Field Reportings from Issue #66
THE PLAYER’S THE THING: The INTERNATIONAL BLUEGRASS MUSIC ASSOCIATION held its annual “World of Bluegrass” week September 25 through October 1 in Nashville, its second year in Music City after many years in Kentucky. The series of panel discussions, performances, regularly unscheduled jams and an awards show was as notable for commemorative glances back as for looking ahead.
Conference attendees heard about the future of internet bluegrass promotion and new directions in digital music distribution; there was even (tying ongoing issues and bluegrass history together) a seminar featuring Mac Wiseman’s thoughts on likely music business trends to watch for next. And there were moments that made history as they marked it.

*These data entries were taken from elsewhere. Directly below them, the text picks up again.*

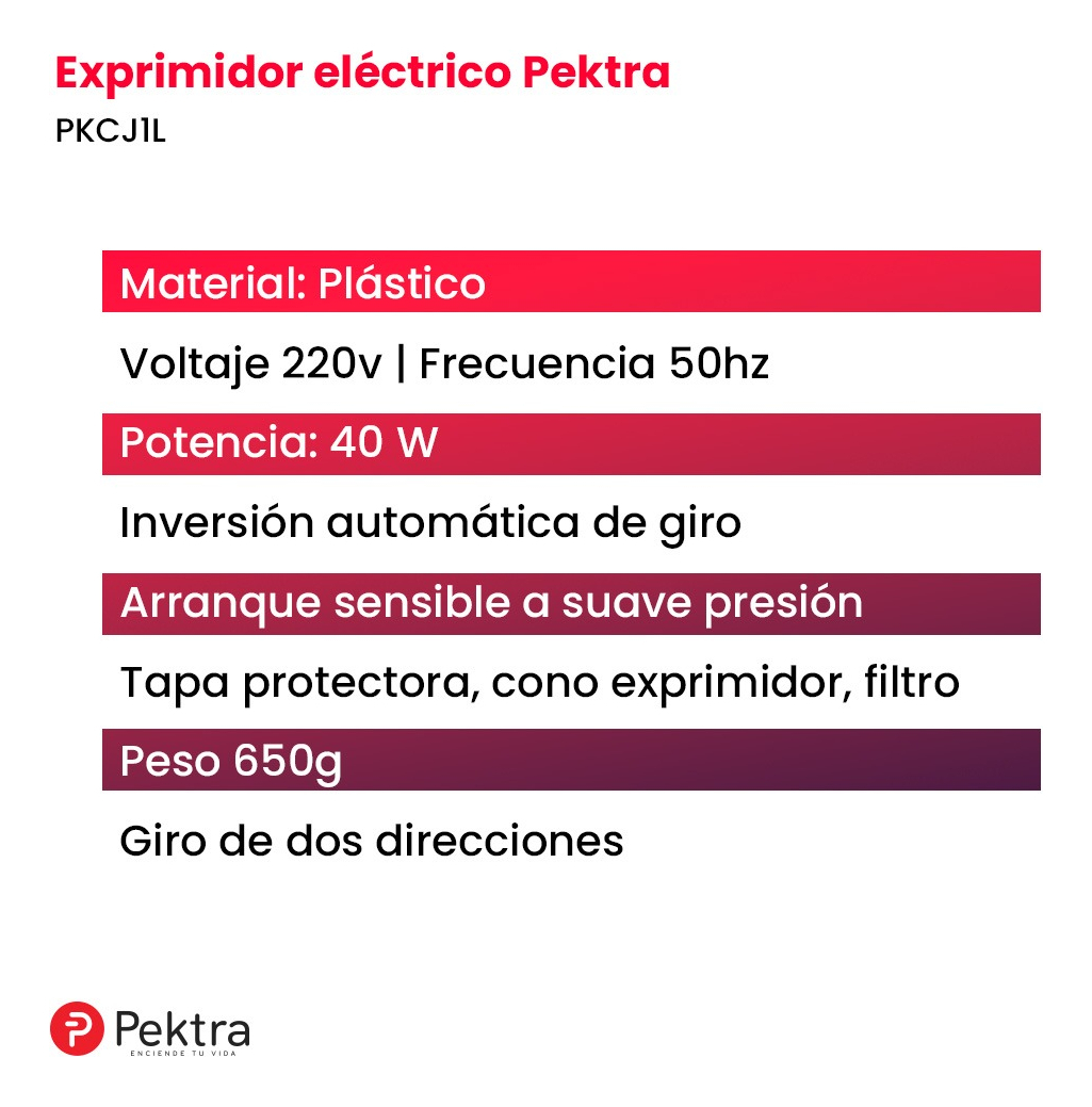 Exprimidor Electrico Jugo Citricos Juguera Pektra 1 Litro Color Rojo Frecuencia 50
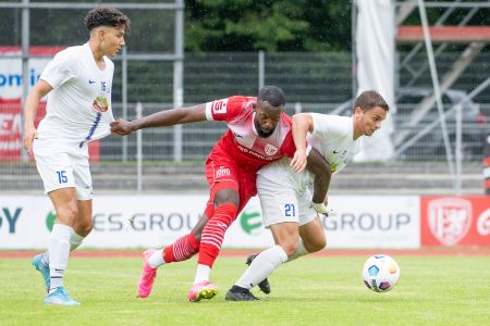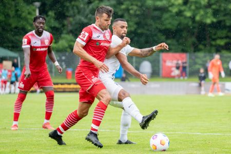 Mit der gleichen Startelf wie im letzten Test gegen den HSV startete unser Team um Lars Fuchs ins erste Regionalliga-Spiel der neuen Saison. Die von Tom Weilandt angeführte Mannschaft ging mit großer Spielfreude ins Spiel, konnte von Beginn an Druck auf die Eilenburger machen und sich immer wieder Chancen erspielen. Soufian Benyamina war es dann nach sieben Minute, der eine butterweiche Flanke von Jannis Farr einköpfte. Unsere Nummer 90 stand quasi in der Luft, erwartete den Ball und nickte dann sauber gegen die Laufrichtung von FCE-Keeper Naumann ein. Benyamina öffnete also in dieser Spielzeit die Tore für unseren GFC und bescherte unseren Fans den ersten Jubelschrei im Volksstadion.
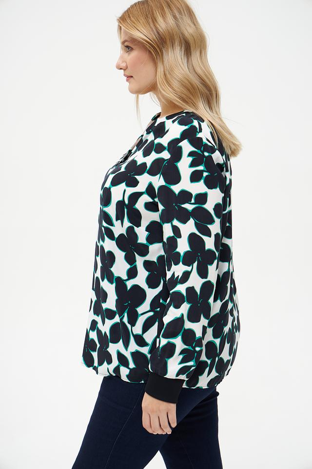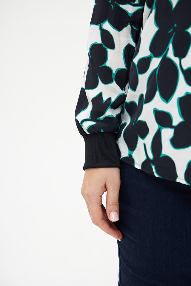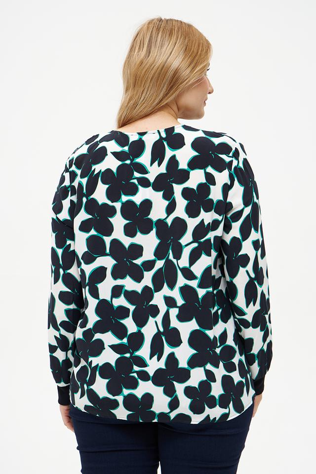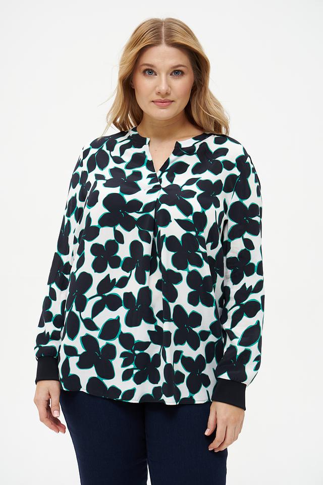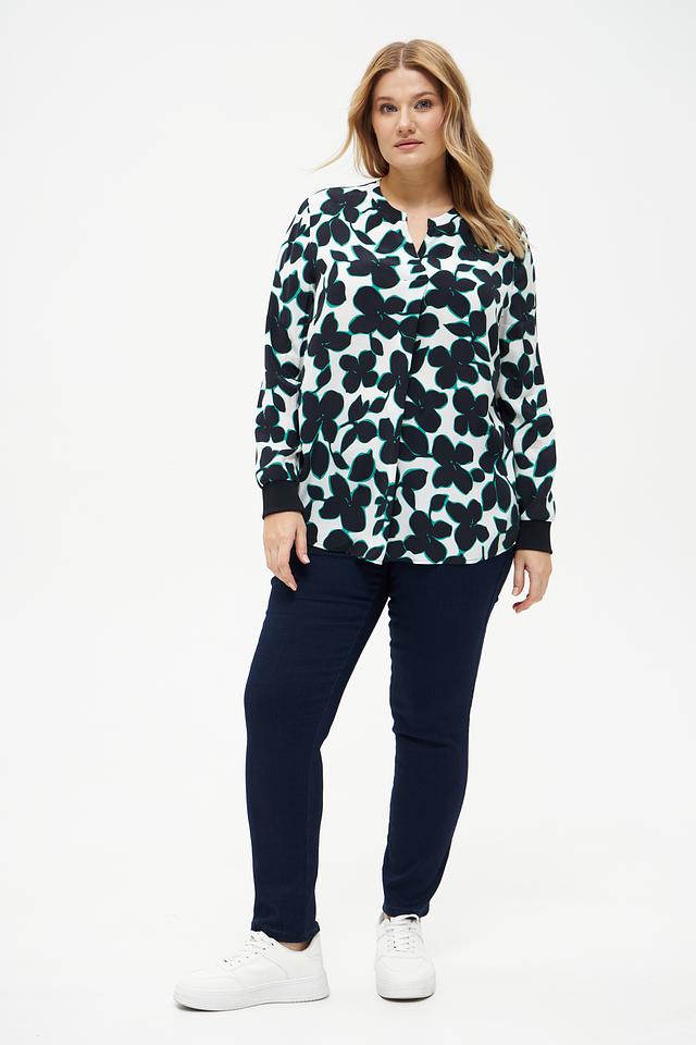 Блуза имеет свободный крой и длинные рукава с манжетами. V-образный вырез горловины добавляет образу элегантности. Основной цвет блузы – белый, украшенный ярким и выразительным цветочным принтом в черных и бирюзовых тонах.
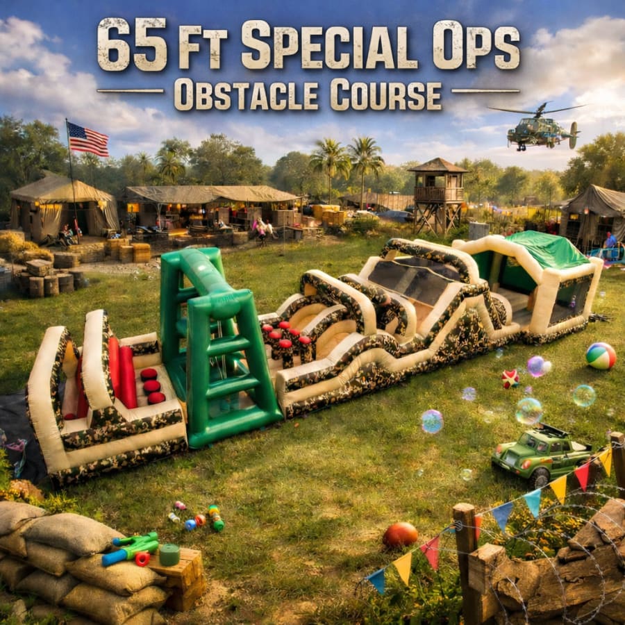 We proudly offer bounce house rentals along with the 65 FT Special Ops Obstacle Course in Davie, Sunrise, Weston, Plantation, Coconut Creek, Cooper City, Coral Springs, Dania Beach, Deerfield Beach, Fort Lauderdale, Hallandale Beach, Hillsboro Beach, Hollywood, Lauderdale-By-The-Sea, Lauderhill, Lauderdale Lakes, Lazy Lake, Lighthouse Point, Margate, Miramar, North Lauderdale, Oakland Park, Parkland, Pembroke Park, Pembroke Pines, Pompano Beach, Sea Ranch Lakes, Southwest Ranches, Tamarac, West Park, Wilton Manors, Miami, Miami Lakes, and Hialeah. Elevate your event with our reliable and professional service, ensuring a seamless experience from delivery to setup and teardown. Trust us to bring the fun and excitement to your next event!
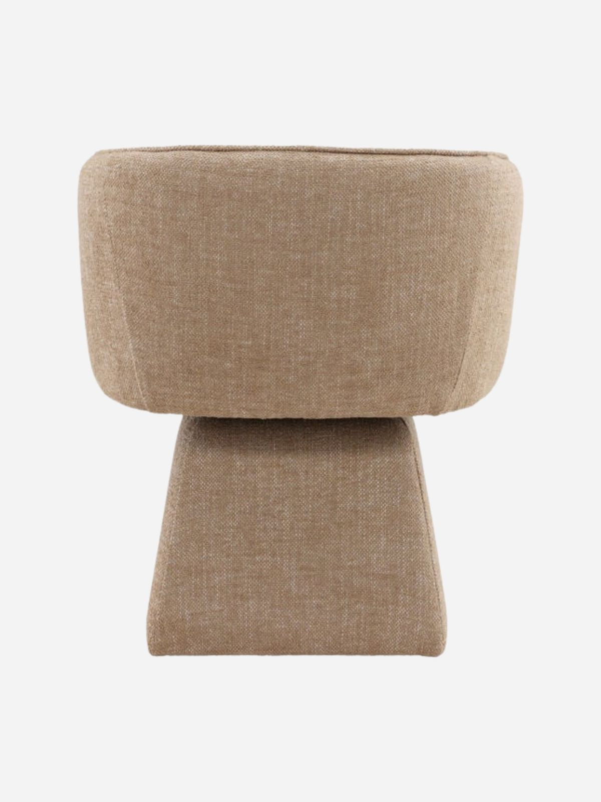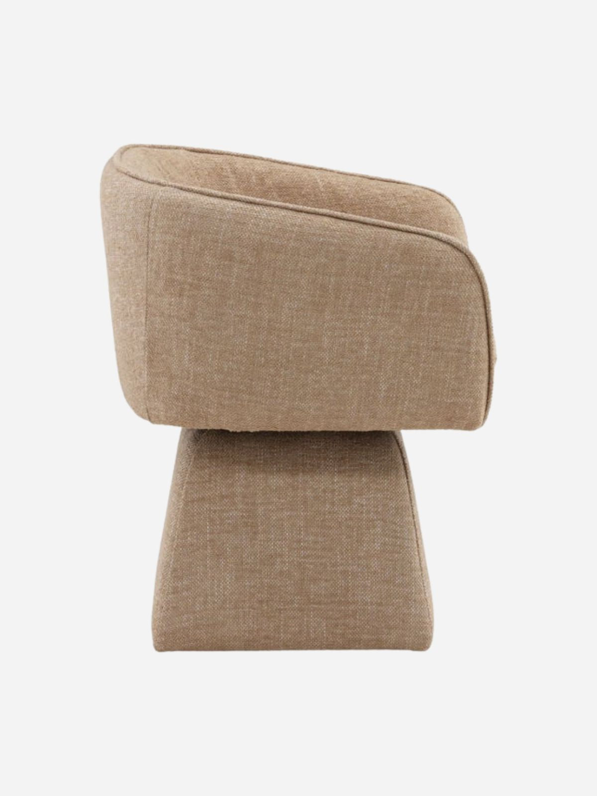 The Jonie Dining Swivel Chair features a softly upholstered seat and back in a warm camel-toned basketweave fabric, combining comfort, texture, and effortless style. A smooth swivel base gives flexible seating — great for long dinners, casual meals, or gathering around the table.
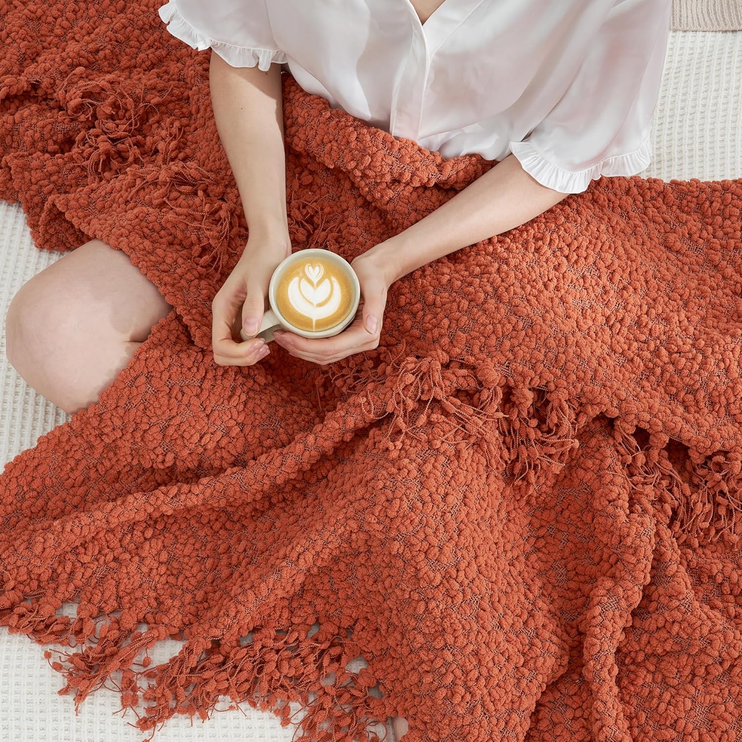 - PREMIUM DURABLE QUALITY: Woven from high-density yarns, this decorative throw resists shrinking, wrinkling, and fraying – even after repeated washes. The reinforced tufted details and hand-tied fringe stay intact for long-term use, while the lightweight build ensures easy draping.
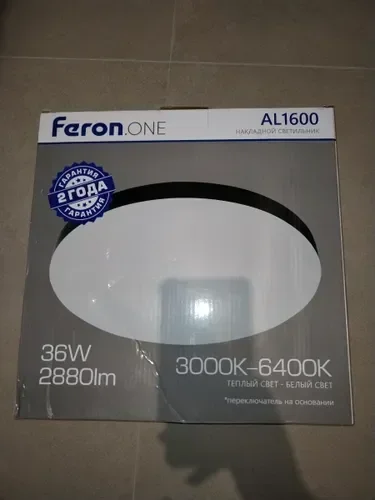 Светильник накладной со светодиодами 36W, 2880Lm, 3000К-4000К-6400K, AL1600 Feron.ONE, 48884
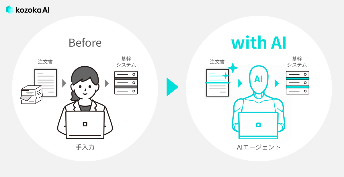 日本国内では依然としてFAXによる受発注が広く利用されており、非効率な手入力作業が業務負荷や人材不足の大きな課題となっています。kozokaAIは、FAXで受領した注文書をAIがOCR処理し、マスターデータとの照合を行い、自動で基幹システムに取り込む仕組みを提供します。
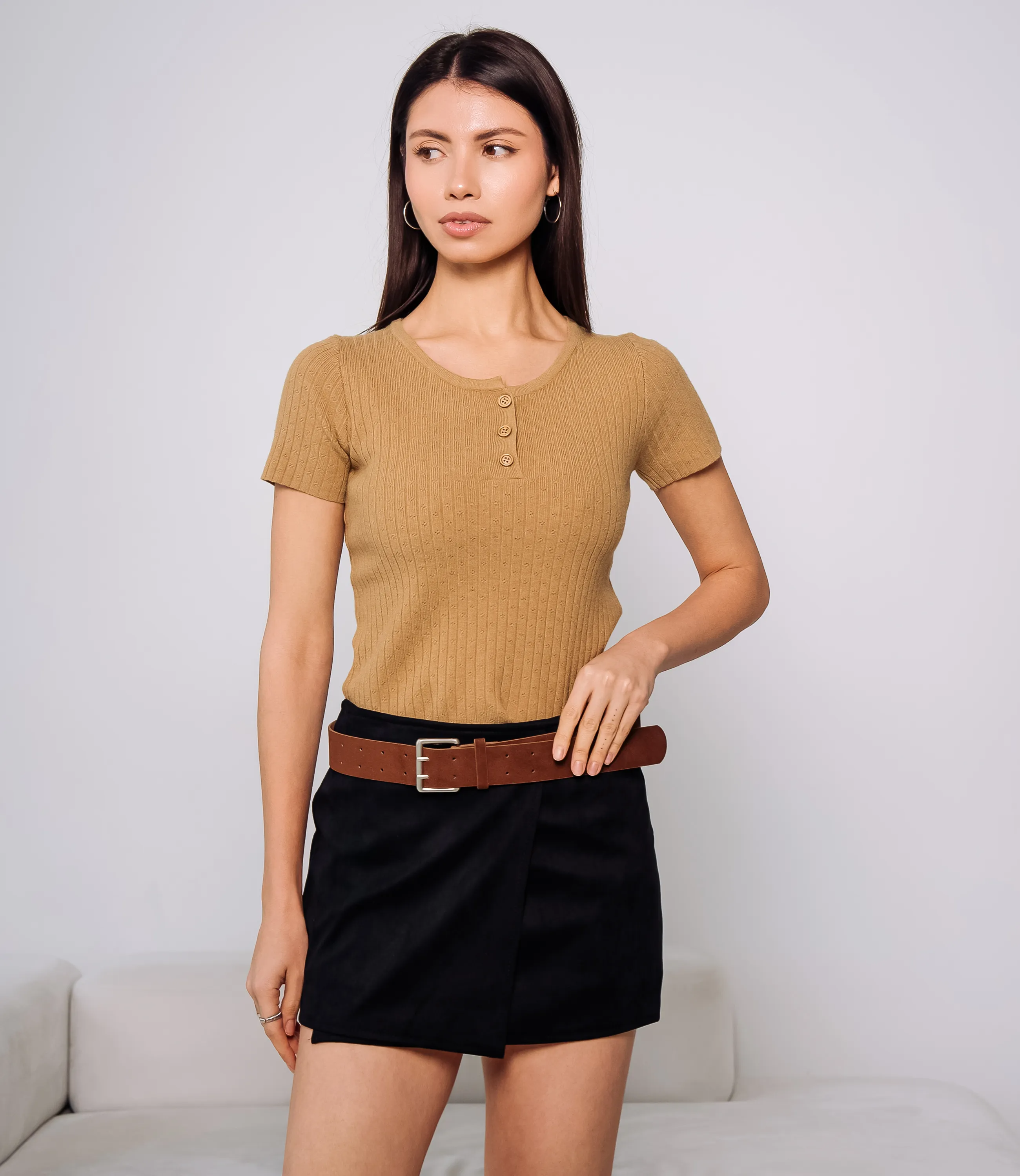 Юбка — это часть гардероба, которая подчёркивает женственность и привлекательность любой женщины. Юбка короткой мини-длины, прямого кроя, украшенная широким поясом с пряжкой; передняя деталь имитирует запах с прямой контурной линией, швы аккуратно прострочены, низ обработан ровным подгибом. Юбка с запахом. Для пошива использован материал: 100% полиэстер. Такая ткань отличается прочностью, лёгкостью и простотой в уходе; она хорошо держит форму и сохраняет презентабельный вид даже после многократных стирок при соблюдении рекомендаций по уходу. Цвета глубокие и насыщенные, полностью соответствуют фотографиям на странице, что важно при комплектовании витрин и формировании коллекций. На сайте представлена таблица размеров — с её помощью вы сможете самостоятельно снять мерки и подобрать подходящие размеры для ваших покупательниц. Для оптовых покупателей мы предлагаем выгодные условия сотрудничества, гибкую ценовую политику и надёжные поставки для магазинов. Установленная цена адекватна и позволит вам формировать привлекательную наценку и обеспечивать высокую оборотность. Предложите своим клиенткам юбку, сочетающую стиль, удобство и простоту ухода. Рост модели 164 см., 83-61-89.
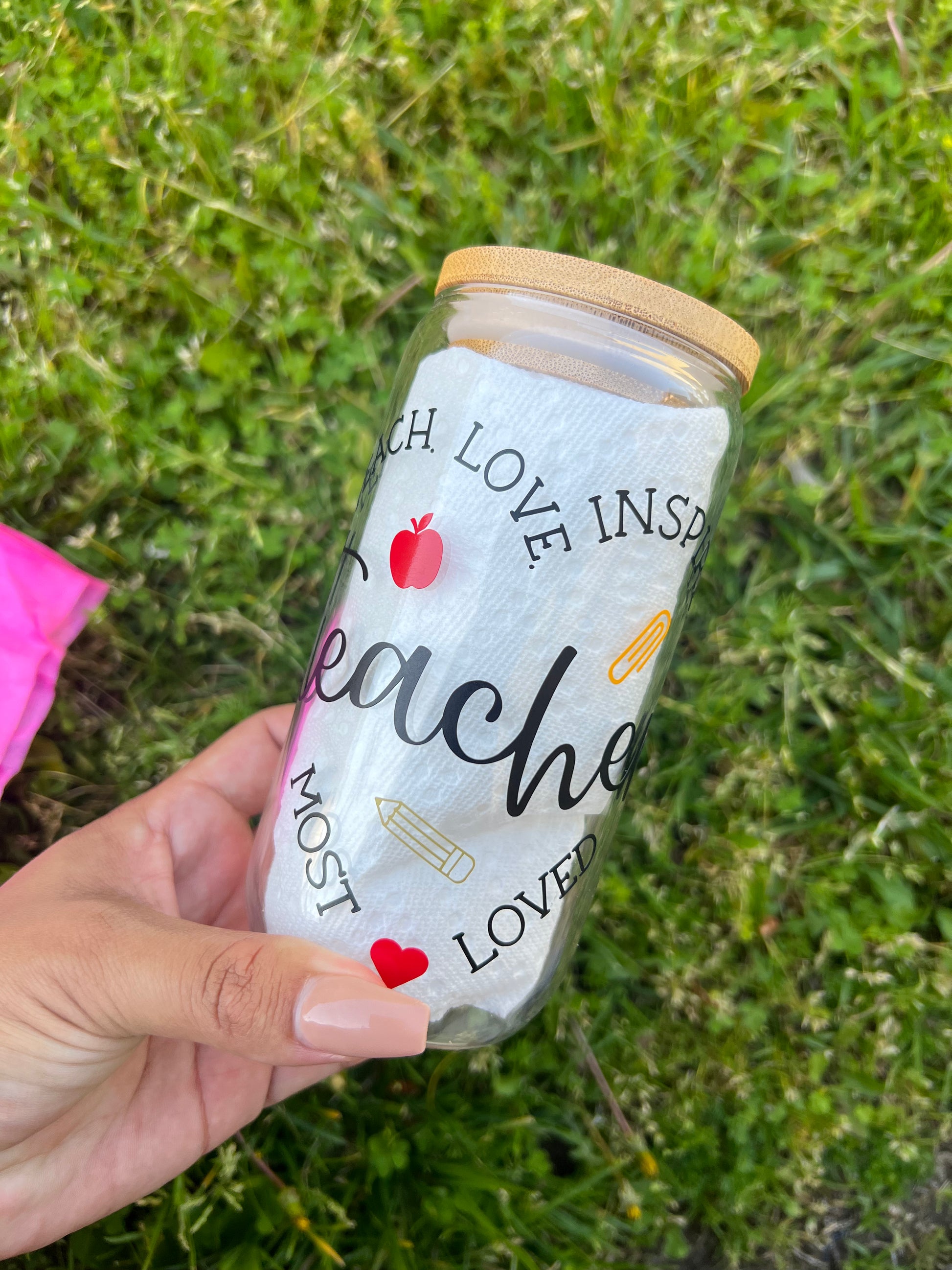 Teach. Love. Inspire. glass cup with bamboo lid and plastic straw. Perfect for students to gift to their teachers for teacher appreciation week or major holidays like Christmas or even birthdays! Your coffee or tea lover will definitely love this cup!

Most dramatic and satisfying for many in the field was the unveiling of a permanent State of Tennessee marker at the Ryman Auditorium marking the building, already known as the “Mother Church of Country Music,” as the “Birthplace of Bluegrass.” The specific event cited was the December 1945 appearance of the classic, genre-gelling Bill Monroe Blue Grass Boys lineup on WSM’s Grand Ole Opry, featuring Lester Flatt on rhythm guitar, Howard Watts on bass, Chubby Wise on fiddle, and Earl Scruggs, of course, on mind-boggling “fancy banjo.”
Scruggs, the sole survivor of that lineup, was on hand for the unveiling, and had some fond memories of those early years to share. Ricky Skaggs and WSM’s Eddie Stubbs also spoke to help mark the event. Such early bluegrass luminaries as Jesse McReynolds (Jim & Jesse), Curly Seckler (of the Foggy Mountain Boys), and Everett Lilly (of the Lilly Brothers) were on hand in the audience, as was Scruggs’ friend Ray Price, who happened to be providing a spectacular change-of-pace night at the Ryman the same evening.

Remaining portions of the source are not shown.